--- START ---
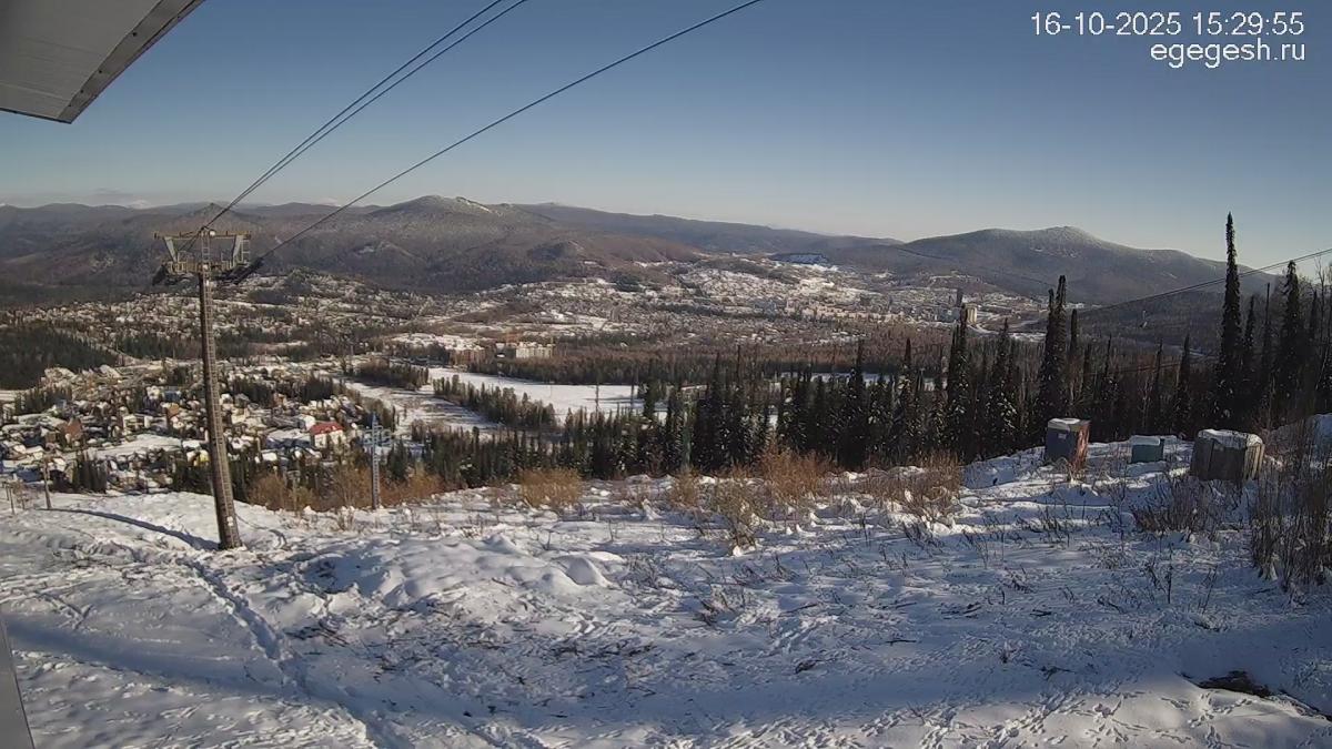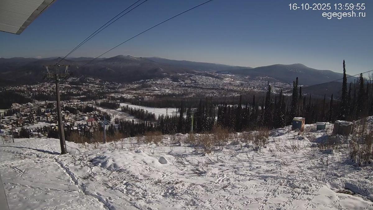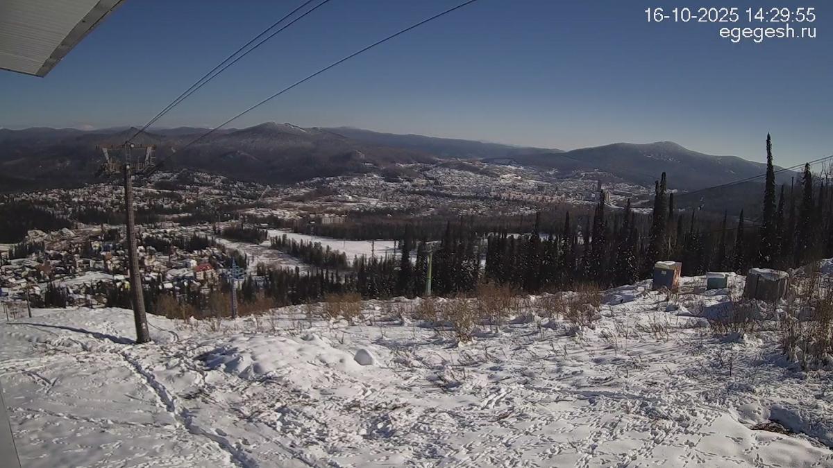 В объективе обзорной веб-камеры открывается вид на подъёмник «Олимпия-Экспресс», отели на горе Зелёная и посёлок Шерегеш. Справа на видео виден кресельный подъёмник «Фристайл».
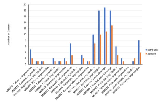 Distributions of number of major microbial genera with different aromatic compound degradation pathways. Mxxxxx are KEGG database module ID. Nitrogen: 30 major microbial genera identified in the experiments using electron acceptors that are associated with nitrogen metabolism. Sulfate: Major 30 microbial genera identified in the experiments using electron acceptors that are associated with sulfate–sulfur metabolism.
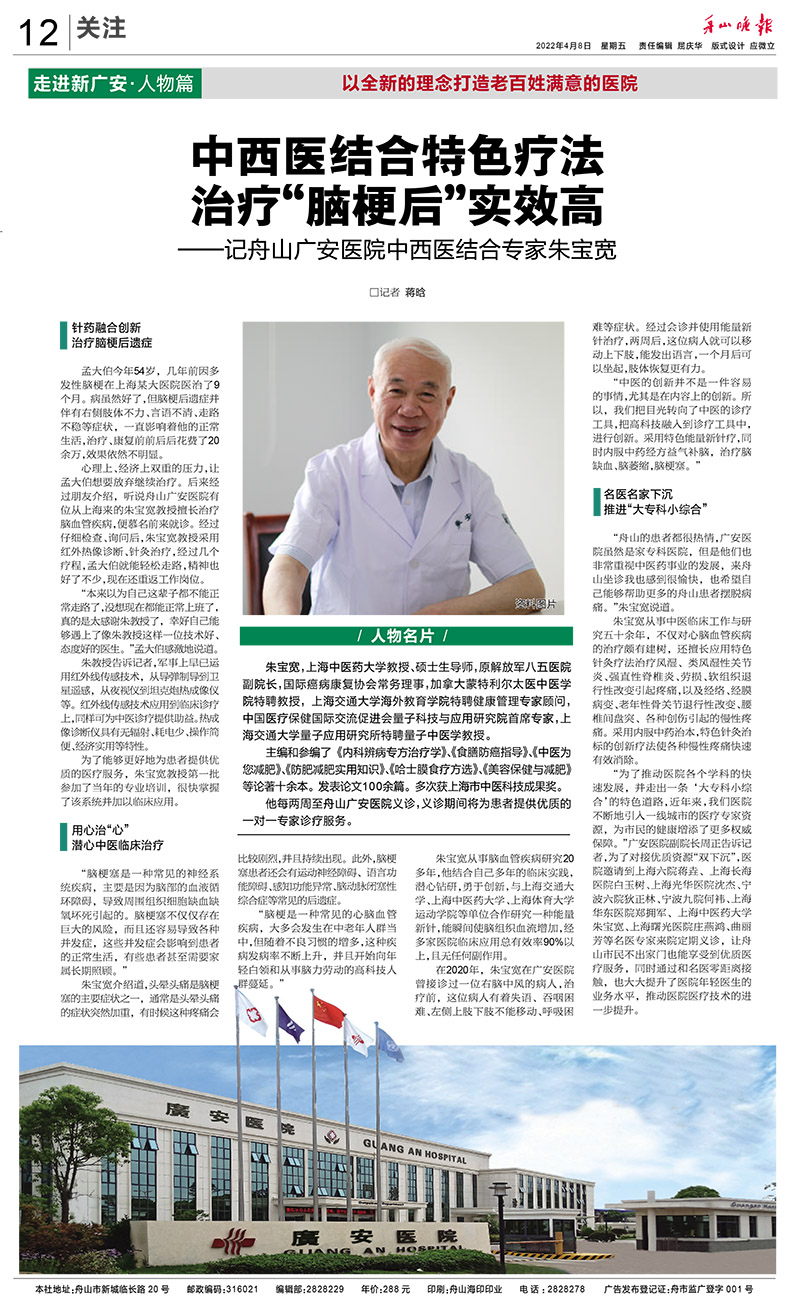 廣安人懷揣著對于醫(yī)療的敬畏和對舟山人的大愛,將以更加昂揚的姿態(tài)和海納百川的胸懷,不斷把學科建設和醫(yī)療技術(shù)水平推向更高的境界,服務舟山、造福社會。
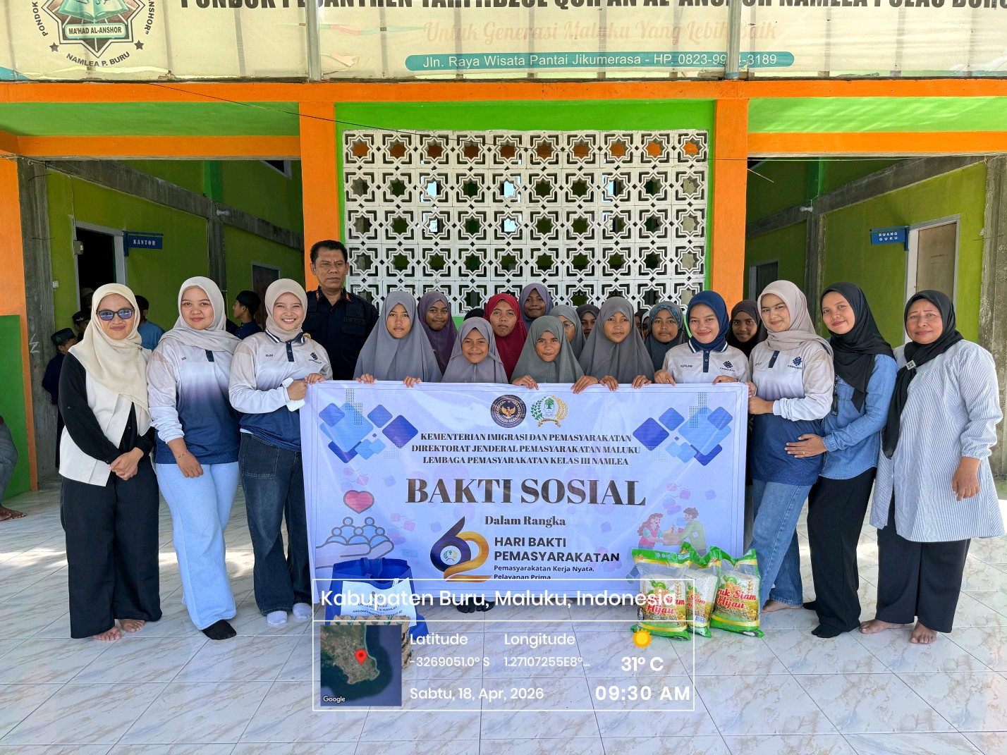 Namlea,CM- Lembaga Pemasyarakatan (Lapas) Kelas III Namlea kembali menunjukkan kepeduliannya kepada masyarakat melalui aksi sosial penyaluran bantuan sosial (bansos), Sabtu (18/04/26). Kegiatan ini menjadi bagian dari rangkaian peringatan Hari Bakti Pemasyarakatan (HBP) ke-62. Sebanyak lima paket bansos disalurkan kepada masyarakat sekitar serta santri Pondok Pesantren Tahfidzul Qur’an Al-Anshor di Desa Jikumerasa. Penyerahan bantuan dilakukan langsung oleh Kepala Lapas Namlea, Muhammad M. Marasabessy, bersama jajaran Kepala Subseksi dan pegawai.
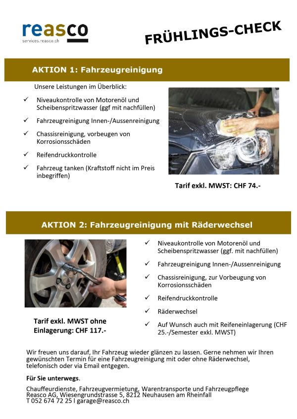 In der Reasco Garage bringen wir Ihr Fahrzeug wieder zum glänzen! Buchen Sie noch heute Ihren Termin für eine Fahrzeugreinigung mit oder ohne Räderwechsel.
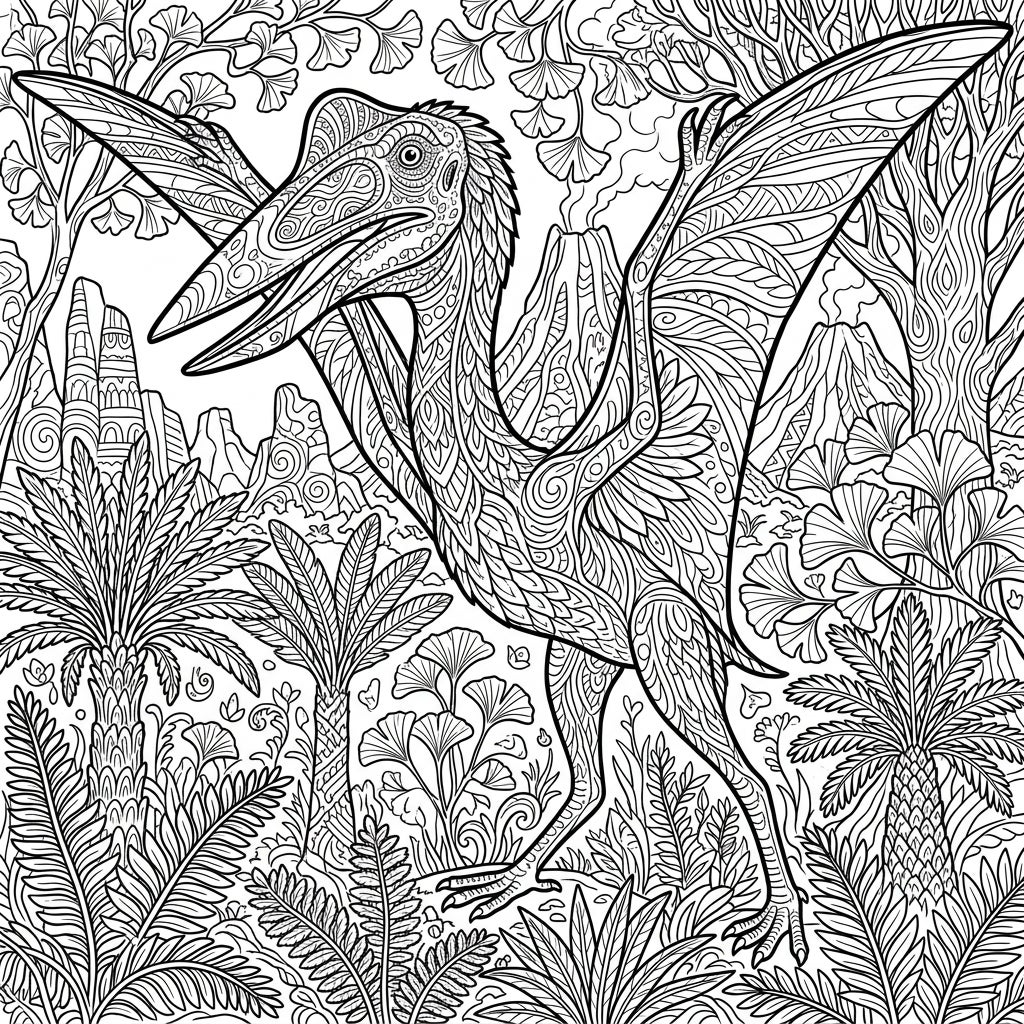 Explore the ancient world with this stunning Hatzegopteryx adult coloring page, designed with intricate patterns for a deeply engaging experience. Dive into a prehistoric landscape filled with detailed flora and a magnificent flying reptile, perfect for mindful relaxation.
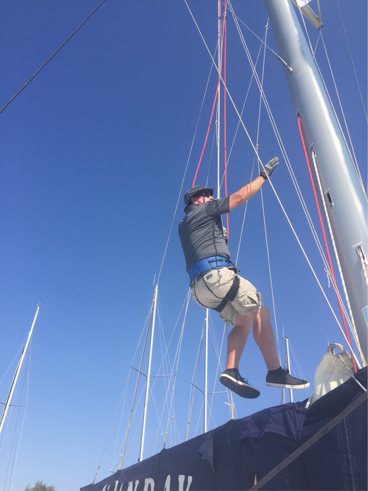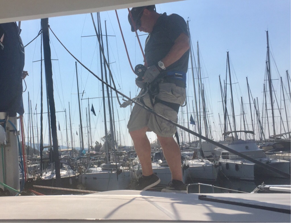 When he was hoisted up the mast though, he did find that that the forestay had two wires broken at the top swage. Nikos and Manos immediately rang up to organise a replacement forestay at their cost.
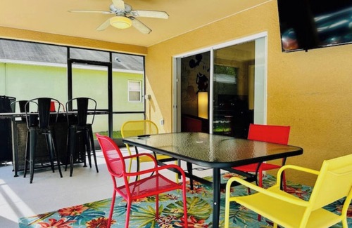 The full kitchen boasts many appliances (Dishwasher, Stove, Microwave, Coffee Maker, Keurig, Disney Waffle Maker, Disney Toaster) and beautiful, spacious and fully stocked cabinetry. A large refrigerator provides plenty of space and provides an ice maker and water. There is plenty of room for your food items as we have a full pantry. Plenty of place settings, silverware, and glassware provide every guest what they need. The space is very well equipped for our guests with a large table for 8 guests. The room extends into a second living room with a large couch, giant chair and comfy swivel. Enjoy a show on the smart TV while a giant mural of your favorite mouse joins you. Sliding glass doors provide a natural transition to the spacious and easily accessible patio.
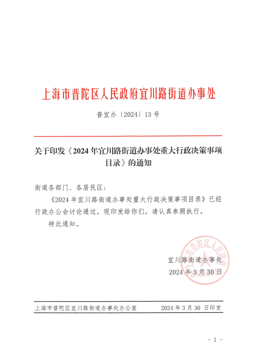 关于印发《2024年宜川路街道办事处重大行政决策事项目录》的通知
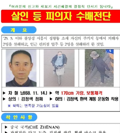 이 사건의 용의자는 차철남(차첸, Che Zhenan), 1968년 11월 14일생, 중국 국적의 57세 남성입니다. 그는 다음과 같은 인상착의를 가지고 있으며, 변복 가능성이 높아 더욱 위험한 상황입니다.
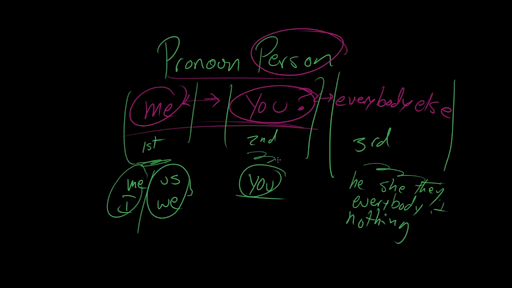 everybody else involved? Right, so both me and us or I and we are first person pronouns, because they're about me or a group that contains me. Likewise, you is the second person. That's kind of it, both
--- END ---
• **Your task**: Omit every image. Quote each record exactly.

• **Response area**:
 В объективе обзорной веб-камеры открывается вид на подъёмник «Олимпия-Экспресс», отели на горе Зелёная и посёлок Шерегеш. Справа на видео виден кресельный подъёмник «Фристайл».
 Distributions of number of major microbial genera with different aromatic compound degradation pathways. Mxxxxx are KEGG database module ID. Nitrogen: 30 major microbial genera identified in the experiments using electron acceptors that are associated with nitrogen metabolism. Sulfate: Major 30 microbial genera identified in the experiments using electron acceptors that are associated with sulfate–sulfur metabolism.
 廣安人懷揣著對于醫(yī)療的敬畏和對舟山人的大愛,將以更加昂揚的姿態(tài)和海納百川的胸懷,不斷把學科建設和醫(yī)療技術(shù)水平推向更高的境界,服務舟山、造福社會。
 Namlea,CM- Lembaga Pemasyarakatan (Lapas) Kelas III Namlea kembali menunjukkan kepeduliannya kepada masyarakat melalui aksi sosial penyaluran bantuan sosial (bansos), Sabtu (18/04/26). Kegiatan ini menjadi bagian dari rangkaian peringatan Hari Bakti Pemasyarakatan (HBP) ke-62. Sebanyak lima paket bansos disalurkan kepada masyarakat sekitar serta santri Pondok Pesantren Tahfidzul Qur’an Al-Anshor di Desa Jikumerasa. Penyerahan bantuan dilakukan langsung oleh Kepala Lapas Namlea, Muhammad M. Marasabessy, bersama jajaran Kepala Subseksi dan pegawai.
 In der Reasco Garage bringen wir Ihr Fahrzeug wieder zum glänzen! Buchen Sie noch heute Ihren Termin für eine Fahrzeugreinigung mit oder ohne Räderwechsel.
 Explore the ancient world with this stunning Hatzegopteryx adult coloring page, designed with intricate patterns for a deeply engaging experience. Dive into a prehistoric landscape filled with detailed flora and a magnificent flying reptile, perfect for mindful relaxation.
 When he was hoisted up the mast though, he did find that that the forestay had two wires broken at the top swage. Nikos and Manos immediately rang up to organise a replacement forestay at their cost.
 The full kitchen boasts many appliances (Dishwasher, Stove, Microwave, Coffee Maker, Keurig, Disney Waffle Maker, Disney Toaster) and beautiful, spacious and fully stocked cabinetry. A large refrigerator provides plenty of space and provides an ice maker and water. There is plenty of room for your food items as we have a full pantry. Plenty of place settings, silverware, and glassware provide every guest what they need. The space is very well equipped for our guests with a large table for 8 guests. The room extends into a second living room with a large couch, giant chair and comfy swivel. Enjoy a show on the smart TV while a giant mural of your favorite mouse joins you. Sliding glass doors provide a natural transition to the spacious and easily accessible patio.
 关于印发《2024年宜川路街道办事处重大行政决策事项目录》的通知
 이 사건의 용의자는 차철남(차첸, Che Zhenan), 1968년 11월 14일생, 중국 국적의 57세 남성입니다. 그는 다음과 같은 인상착의를 가지고 있으며, 변복 가능성이 높아 더욱 위험한 상황입니다.
 everybody else involved? Right, so both me and us or I and we are first person pronouns, because they're about me or a group that contains me. Likewise, you is the second person. That's kind of it, both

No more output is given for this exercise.